「額娘!」
禛兒慌亂地扶起了我替我拍著背幫我喘過氣來,他轉過頭對著梅香焦急地說道:「還愣著幹什麼,還不快去請太醫!
「是,奴才這就去!」
我正想開口說別這麼大驚小怪的,梅香已經急著跑出去了。可沒過一會兒她就折了回來,後頭跟著的卻是康熙。
「怎麼了,又不舒服了?」
他幾步走過來,坐到我身邊。禛兒見狀立刻讓開退到一旁。他自己也略曉醫術,執起我的手,指腹輕輕按壓我的手腕。

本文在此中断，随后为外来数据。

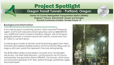Aerix Industries engineered foam concentrates enable lightweight cellular concrete production for tunnel backfill and annular filling applications. Engineers specify low-density cellular concrete to stabilize liners, reduce settlement, and control structural loading. Specialty contractors achieve long-distance pumpability and consistent density using Aerix Industries foam systems. This solution supports both new tunneling construction and rehabilitation projects.
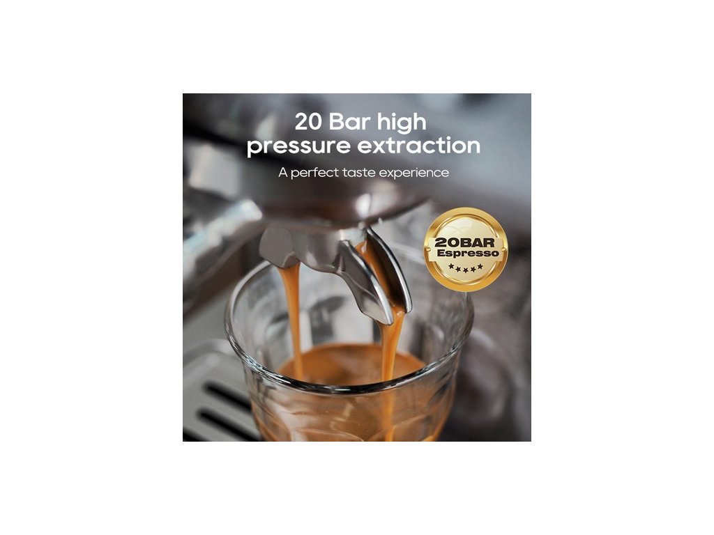 | Specifikáció | Névleges teljesítmény: 1350W Szivattyúnyomás: 20 Bar Névleges feszültség: AC 220-240V 50Hz/60Hz Víztartály: 1.8L Funkciók: kávéfőző: eszpresszó, tejhabosító, csészemelegítő Kávé típusa: porított Fűtőelem: fűtési idő: 1 perc: 35 másodperc |

過了片刻他才皺著眉頭放開了我的手,眼角一掃看到擱在一旁藥,用手試了試,嘆了口氣看著我說:「你為什麼總愛折騰自己的身子,你這宿疾患了也有十幾年了,你應該知道這病最忌諱心事過重。兒女都大了,不需要你像從前一般操心,你怎麼還總是在那裡亂想。朕看著自從芩淑出嫁後的這兩年你這病發作地倒是益發地勤快了。」
我嘆了口氣剛想說什麼卻瞄見禛兒向前走了一步恭敬地對著他皇阿瑪說:「皇阿瑪,兒子剛才也勸過額娘了,可額娘怕是憂心皇妹才又發病的。」
康熙聽到他的話這才注意到他也在,轉過身有些驚訝地看著他說:「老四啊,你一路回來也累了,怎麼還沒回去?」
禛兒跪了下來低聲道:「兒子本想給額娘請過安之後就走沒想到來了才發現額娘不舒服,兒子想侍候了額娘用了湯藥再走。可額娘她……」
他說道這裡忍不住抬頭為難地看了康熙一眼便不再言語。康熙也是長嘆了口氣說:「好了,朕知道你孝順你額娘,你額孃的脾氣朕最清楚了,事情不解決她是不會聽話的。」他轉過身來,看著我耐心地問:「到底是怎麼回事,芩淑怎麼了?」
我聽見他提起女兒,有些焦急地抓著他的手臂慌亂地看著他平靜的眼睛說:「女兒說好今日要回來的,可舜安彥突然差人來說她病了來不了了。」
他安撫地拍了拍我的手背說:「你也太過操心了。女兒既然嫁出宮生活起居自然會有舜安彥照顧,舜安彥這孩子是朕看著長大的對芩淑又一心一意,你憂心什麼呢?若是擔心讓太醫過去瞧瞧也就是了,犯不著拿自己的身體折騰吧。」
沒錯,我明白,他說的我都明白,可芩淑這些年來一直都不快樂我更明白。所嫁非人這種痛苦我在這深宮之中看過太多了,我不希望女兒是下一個敏妃。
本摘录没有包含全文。